March 12, 2011
RS games verses quentinC playroom
Online games for the blind, have been around for a while now dating as far as 2001 to accessible chat and accessible battleship, then a few years later, AllInPlay. those were then folowed by games that didn’t use a dedicated server like top speed, sound RTS, or acefire. One drawback to most of the online games that used a dedicated server though was that they were all paid for. With AllInPlay you have a monthly fee for a membership, ditto for the Blind Adrenaline cardroom, for rail racer you pay for the game.
then in 2009 RS games released their game of monopoly. I was lucky to have submitted, and aprooved, into the betatesting team and helped with the sound design (the all to annoying background music… yup, sorry for that.)
The game was extremely popular and had been featured on blind cool tech and main menu, or even blind geek zone, which normally doesn’t rreally feature any games.
Then in 2010 RS changed the monopoly game into an rs games client capable of playing any game without the need of updating the client (thanks to rs’s unique ZGP protocol for downloading sounds).
I’m a member and administrator of an msn group called CrapTalk. MSN groups are like chatrooms where msn users can talk to each other without having each other on the contact list, though you can exchange addresses easily enough. QuentinC asked me to test his new gameroom thing, I spread it to the craptalk group, which quentin joined later. After he had received a lot of positive feedback the gameroom went live for audiogames.net, then shortly followed by audyssey.
It isn’t surprising that it is quite a competition for RS, I thought I’d just outline some of its advantages and disadvantages.
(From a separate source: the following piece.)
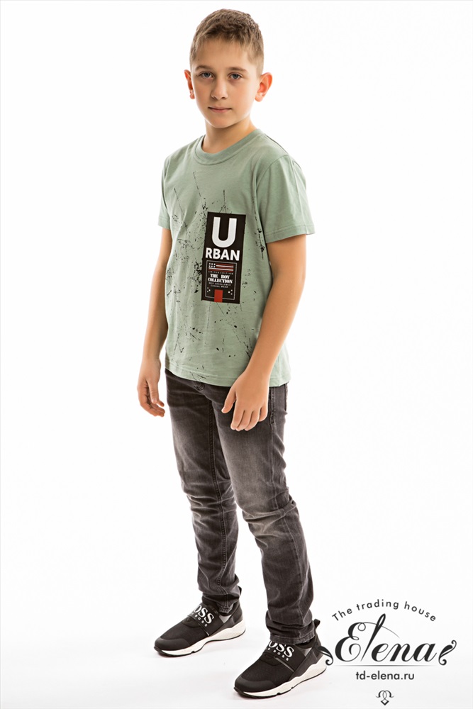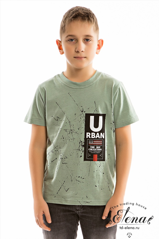 Цвет Номенклатуры: полынь Футболка выполнена из хлопкового полотна, с коротким рукавом и круглым вырезом горловины. Спереди нанесён принт.

*multilinguality: Quentin said the client can be made multilingual, it’s already available in english and french. it does open it up for people who normally wouldn’t be able to play like that, so yeah.
*Games which are unique to the playroom; 1000 miles is probably the most notable, then texas holdem. I was waiting for a free accessible poker game for ages, so I’m quite excited about this one.
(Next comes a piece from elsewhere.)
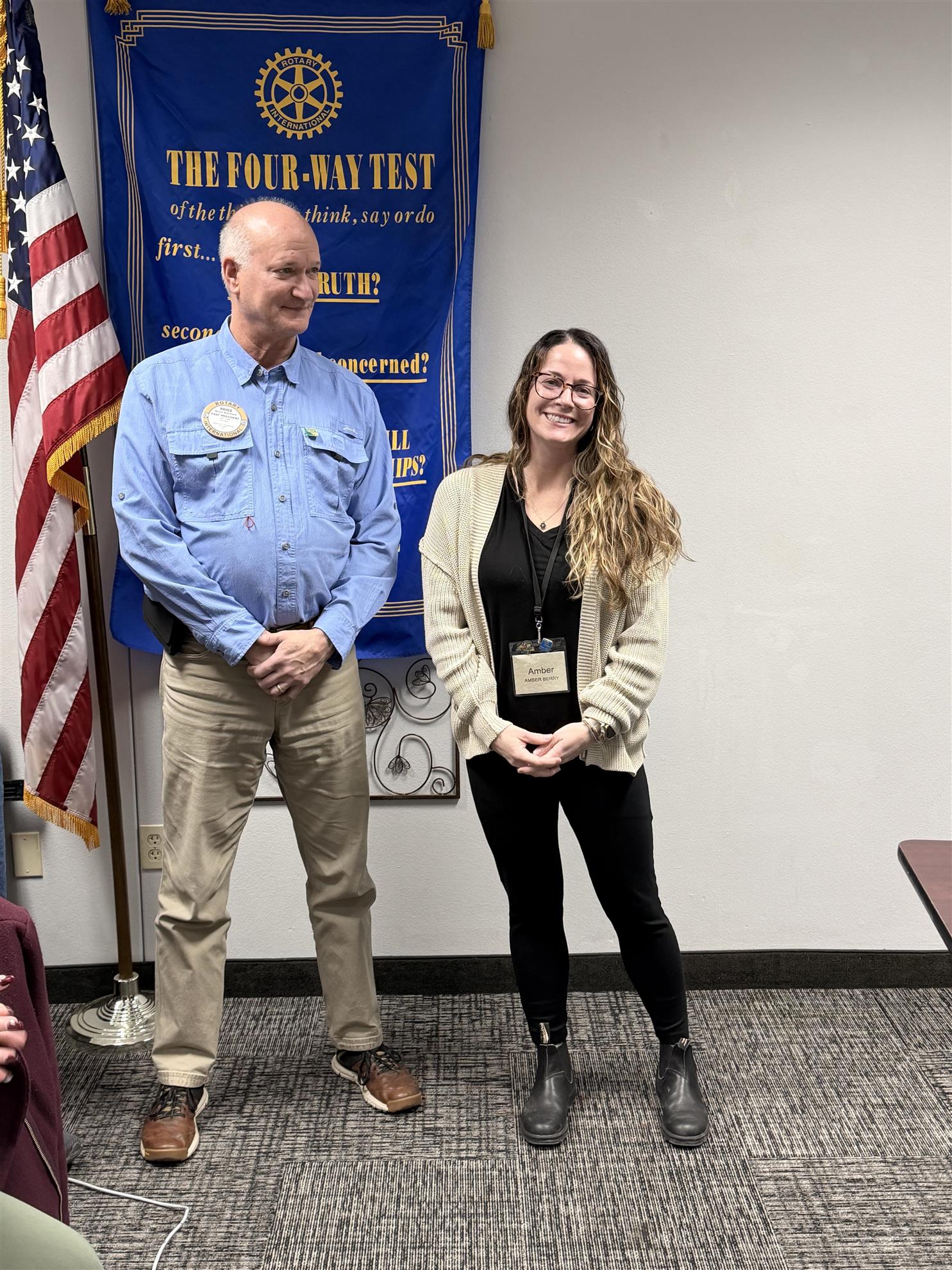 We welcomed our newest member, Amber Berry. She received her Rotary pin, and temporary name badge.

*additional rules for some of the games. Uno alone has like 5 additional rules, including the chaining/response rule where draw cards can be accumulated for a harder blow to who ever can’t continue the chain. Now that alone, is just friggin’ awesome.
*has a on-screen prezence: the menus and cards are displayed in lists, and the message field can be tabbed to and reviewed character by character, etc.
*no ads.. though I don’t mind those in RS. I actually made use of one of them (the bookmark iOS app)
Those are the good. now the bad:
*really crappy keyboard support. let’s just summarize it by saying the game handles keys in such a way that there is a spam protection, where if you hold a key for .5 seconds or more it’ll just close.
*list synchronization can really mess up. happens a lot in 1000 miles, you pick a card to junk only to find out that you just, in fact, junked another card.
*no window-eyes or system access support.
*is not multiplatform
*does not have its own protocol to download sounds, so if there are any new sounds the client has to be re-downloaded.
Over all I’ll just say there’s room for both. I know, not the best blog entry I did, but hey, it got the job done.